> They specifically address the AI Scribe program, the Ontario Ministry of Health initiated for physicians, nurse practitioners, and other healthcare professionals across the broader health sector.
makes me wonder what quality software the ministry would push (probably mostly qualifications like SOC).
This is apparently this list of approved vendors
https://www.supplyontario.ca/vor/software/tender-20123-artif...
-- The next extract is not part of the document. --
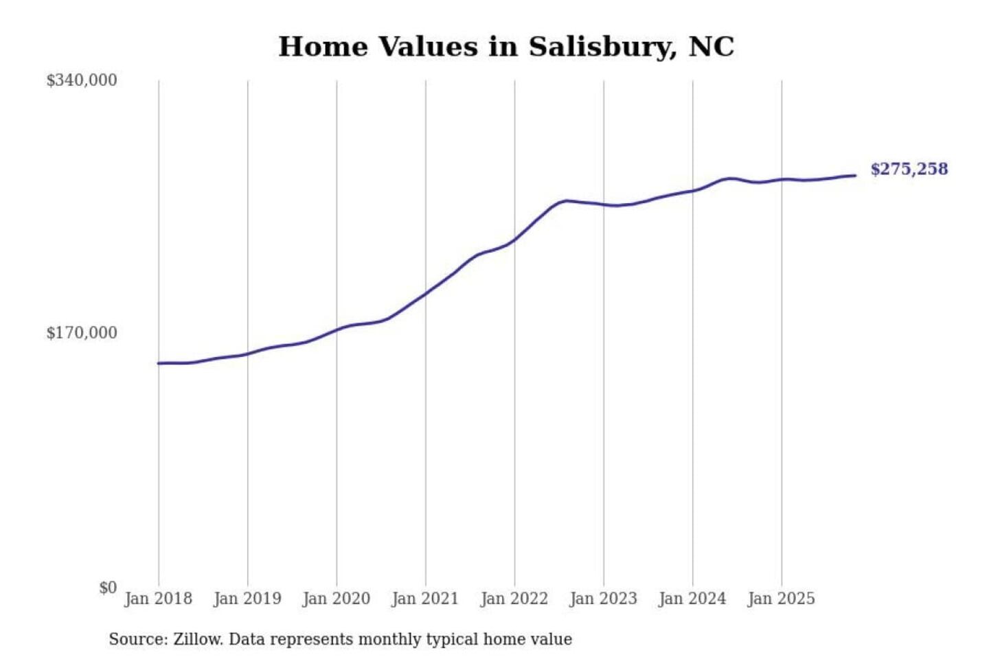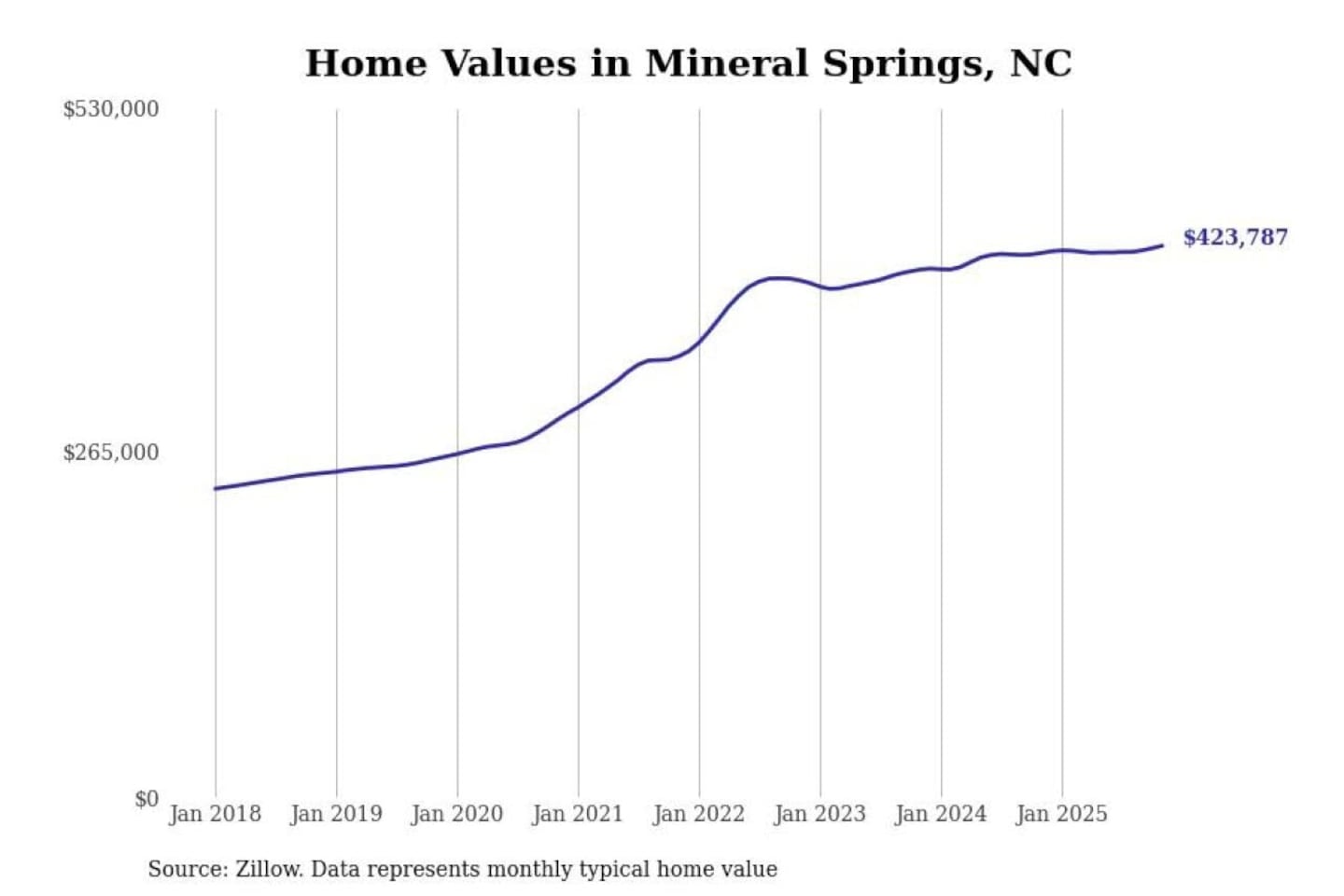 Stacker compiled a list of cities with the most expensive homes in the Charlotte-Concord-Gastonia, NC-SC metro area using data from Zillow. Charts show the monthly typical home value since January 2018.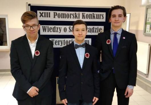 W dniu 8 listopada w ZSP nr 2 w Wejherowie odbył się z okazji Święta Niepodległości - X Powiatowy Konkurs "Polska i Polacy w latach 1914-1939". Składał się on z części testowej i drużynowej obejmujących politykę zagraniczną i wewnętrzną II RP oraz kulturę i gospodarkę II RP, kampanię wrześniową i historię ORP ''Orzeł". Naszą szkołę reprezentowali uczniowie klasy IIIa, - Weronika Holka, Sandra Prena i Bartłomiej Szott. Najlepszy wynik w teście (I m. indywidualnie) zajęła Weronika Holka. Na siedem drużyn ze szkół powiatu nasi uczniowie nie mieli konkurencji i zajęli I miejsce. Uczniów przygotowała p. Mirosława Pałubicka. |

I have generally moved from bearish to bullish on the future of current AI technology, but the continued inaccuracy with basic facts all while the models significantly improve continues to give me significant pause.
As an example, creating recipes with Claude Opus based on flavor profiles and preferences feels magical, right up until the point at which it can't accurately convert between tablespoons and teaspoons. It's like the point in the movie where a character is acting nearly right but something is a bit off and then it turns out they're a zombie and going to try to eat your brain. This note taking example feels similar. It nearly works in some pretty impressive ways and then fails at the important details in a way that something able to do the things AI can allegedly do really shouldn't.
It's these failures that make me more and more convinced that while current generation AI can do some pretty cool things if you manage it right, we're not actually on the right track to achieve real intelligence. The persistence of these incredibly basic failure modes even as models advance makes it fairly obvious that continued advancement isn't going to actually address those problems.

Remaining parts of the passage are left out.